WBUR and The New York Times, in partnership with the Huntington Theatre Company, are celebrating Valentine’s Day with a special live performance of Modern Love: The Podcast. Hosted by Meghna Chakrabarti (host of Modern Love: The Podcast as well as NPR & WBUR’s On Point) with Daniel Jones (editor of the NYT “Modern Love” column), the event will be a live recording of the hit podcast featuring three Modern Love essays read by top actors from stage and screen including William Jackson Harper from television's The Good Place. It will also feature a live musical performance. Modern Love Live will take place on Sat., Feb. 16, 2019 at 8 p.m. at the Huntington Avenue Theatre, 264 Huntington Ave. Tickets go on sale to the general public Thursday, Dec. 20. Prices start at $25.

Modern Love: The Podcast transforms the popular reader-submitted NYT Modern Love essays into an immersive weekly podcast experience that takes listeners on an audio journey, bringing the poignant, honest and hopeful stories to life. Each episode features a reading performed by actors, combined with music and an intricately produced soundscape.

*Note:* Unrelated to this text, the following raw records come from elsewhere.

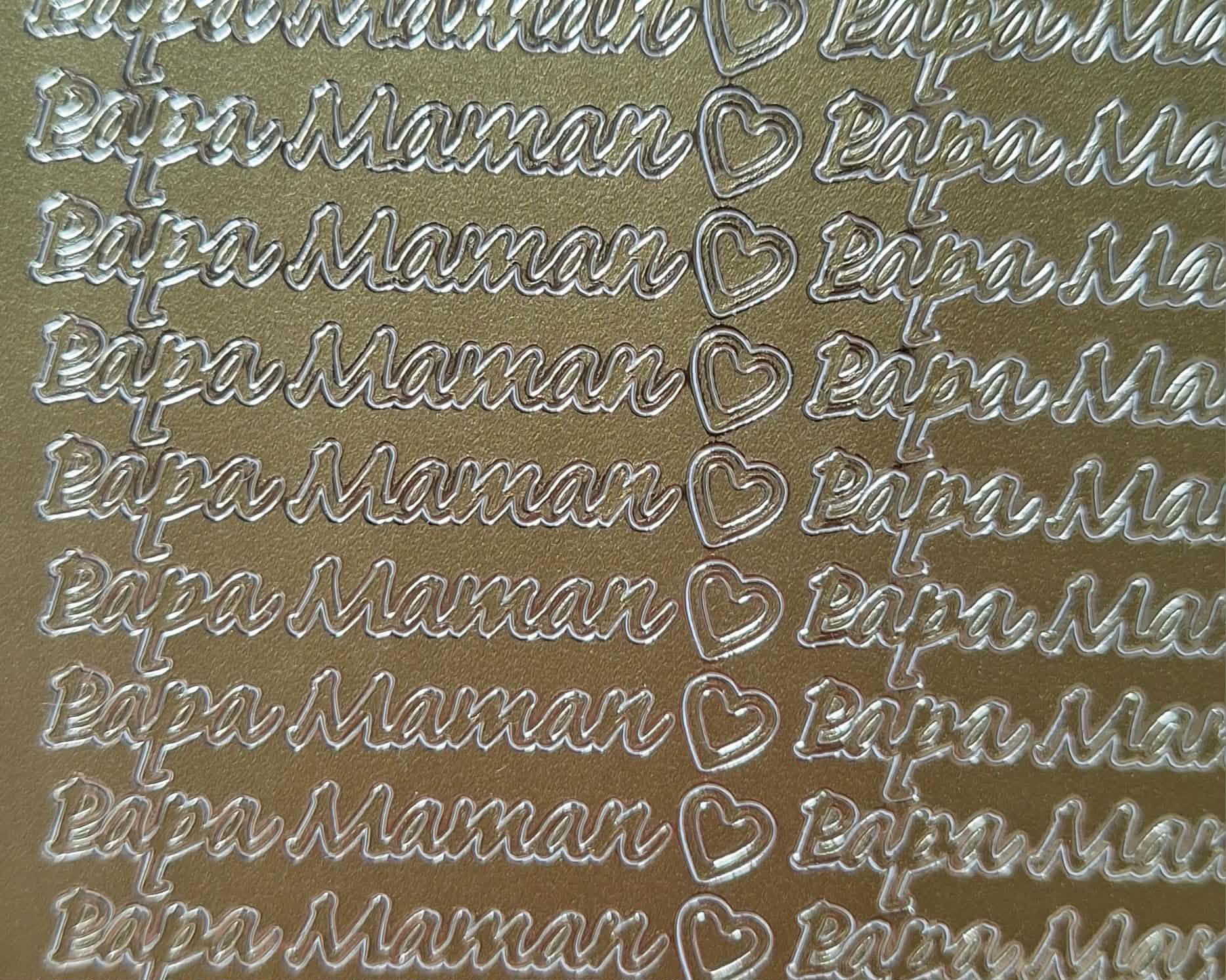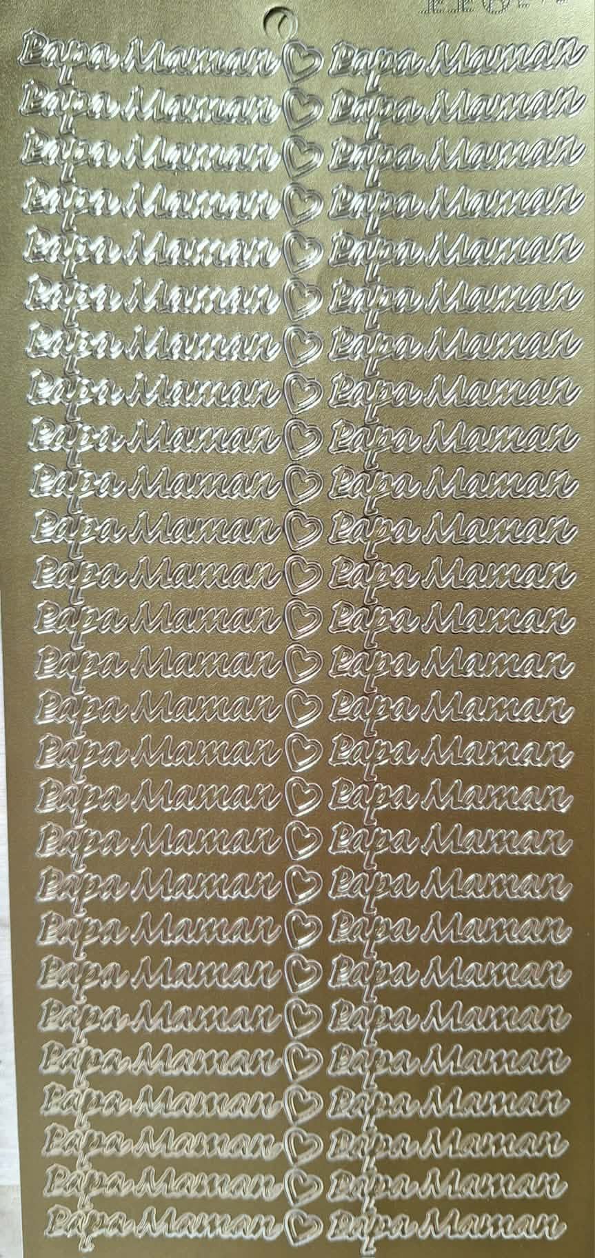 Planche de stickers autocollants peel 108 mots papa maman dorés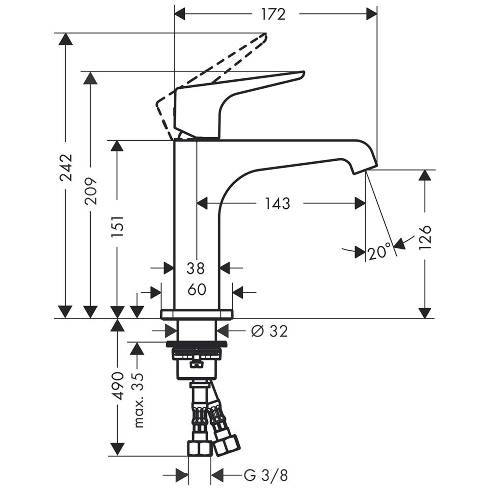 AXOR Citterio E Einhebel-Waschtischmischer 125 mit Hebelgriff und ohne Ablaufgarnitur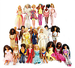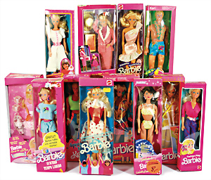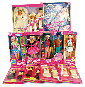 Konv. 5x Barbie, 3x TNT, stärker bespielt, 2x Einrissstelle am Hals, dazu 2x Fashion-Queen, 1x Verfärbungen an den Ohren, alle in Orig.-Outfit, nicht kompl.
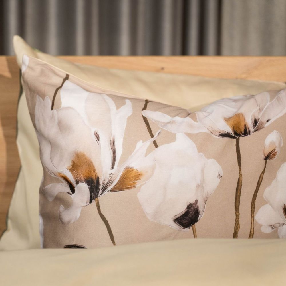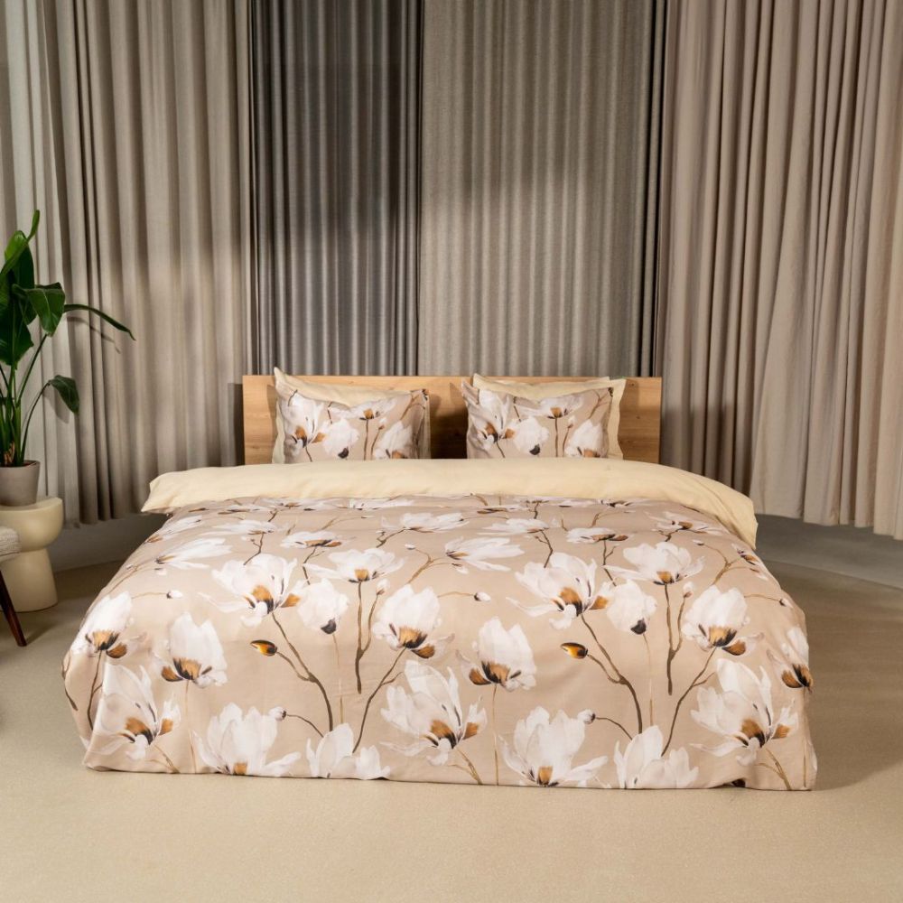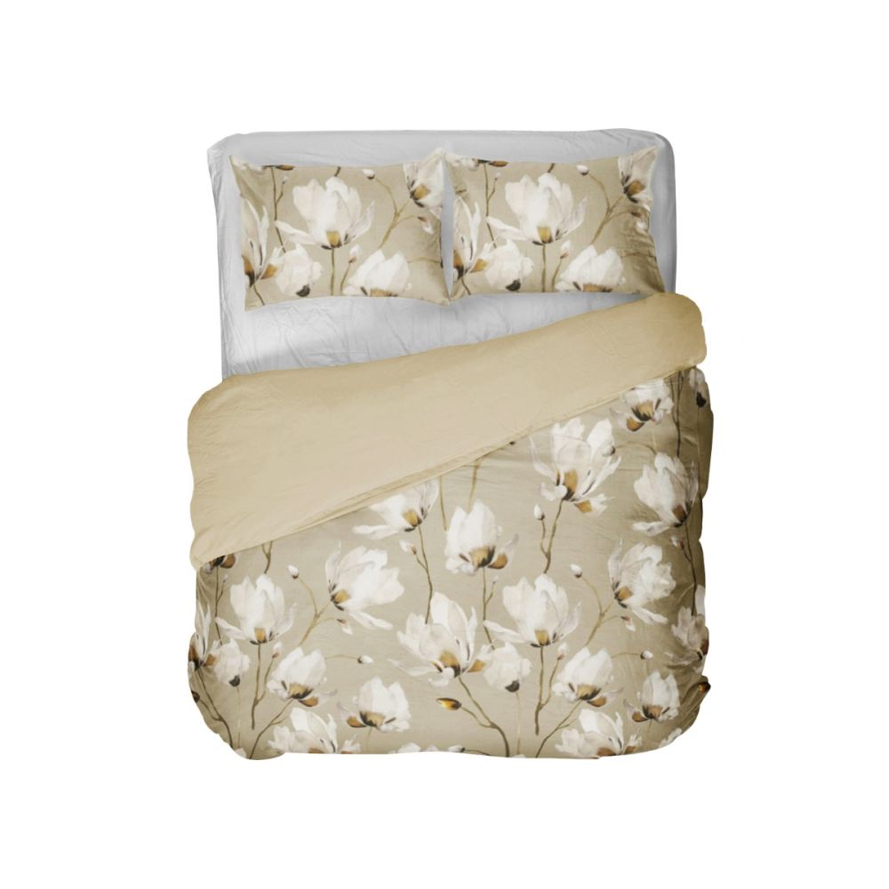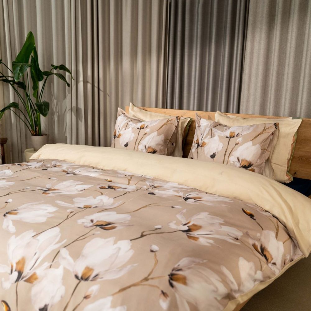 Heb jij een landelijke slaapkamer en ben je nog op zoek naar een passend overtrek? Dan is het Mano dekbedovertrek echt iets voor jou. Op het zandkleurige dessin staat een sierlijk print van witte bloemen. De aardetinten laten het geheel erg rustgevend ogen en de bloemetjes zorgen voor een romantische toevoeging. De achterzijde is effen van kleur, zodat je een luxe omslag kunt creëren of eenvoudig kunt afwisselen tussen beide prints.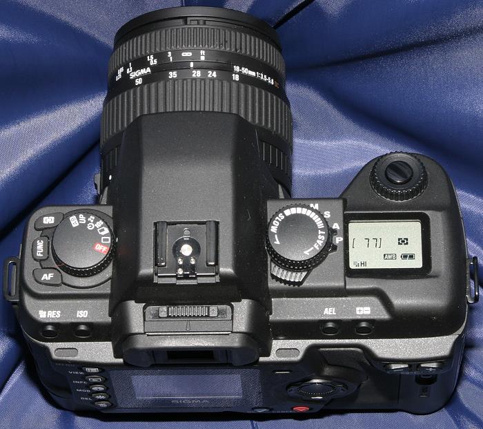 Because the pixel colors are vertically arranged (stacked) instead of side by side, more total pixels can be placed on the same chip area. The Foveon X3 chip has more than 10 megapixels in a chip about the same size as a 5 - 6 megapixel standard Bayer CMOS or CCD chip in current cameras. Right now, the Sigma camera line is the only one that has adopted Foveon X3 chip technology, probably because they did not have Bayer CMOS or CCD chip factories that would have to be retooled. Lucky Sigma, because the X3 is a heck of a chip! The SD10 is the third model that Sigma has marketed. Changes from the SD9 include more sensitivity and some other features in the camera body. Although the MSRP is $2,000, I have seen it for $1,599 including two zoom lenses. That makes them way, way less expensive than competing models, most of which are in the 5 - 6 megapixel resolution range. (The body only can be purchased for $1,349.) Of course, there is more to a camera than just the sensor, so let's take a look specifically at the SD10. Features The front of the camera is shown in the photo at the beginning of this article. The top of the camera is shown below. The appearance is not unusual. The dial on the left is the "Drive Dial", selecting single frame shooting, multiple frame shooting, self timer, mirror lockup, and auto bracketing (takes sequential photos at different exposure settings). Buttons control spot metering and auto focus lock. The Function button turns the beeps on or off.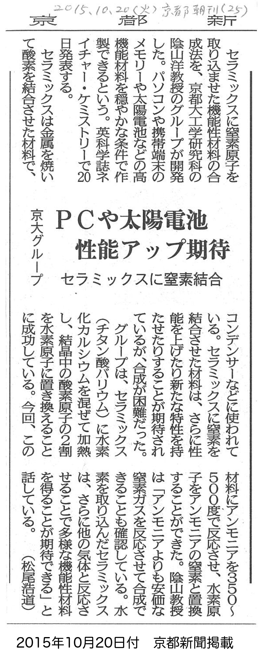 PCや太陽電池性能アップ期待 セラミックスに窒素結合 京大グループ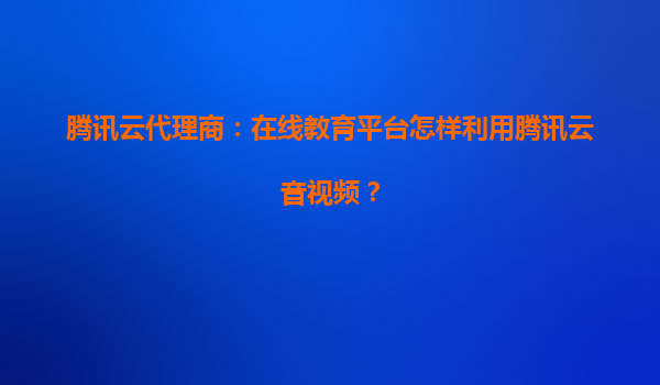 腾讯云代理商:在线教育平台如何高效利用腾讯云音视频解决方案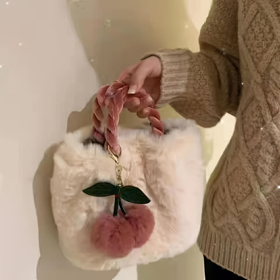 Perfect for chilly days, this Cherry Plush Handbag is a cozy bucket-style crossbody with a fun rabbit-inspired chain detail. Embrace autumn and winter vibes with its soft, cuddly design!

Exploring the joys and tribulations of love, Modern Love: The Podcast debuted at #1 on the iTunes chart. The podcast launched on Jan. 21, 2016. Since then, more than 100 top actors have read for the podcast, including Kate Winslet, Uma Thurman, Sandra Oh, Jake Gyllenhaal, Sterling K. Brown, Stanley Tucci, Angela Bassett, Michelle Rodriguez, Willem Dafoe, Kristen Bell, Issa Rae, Olivia Munn, and Sarah Silverman.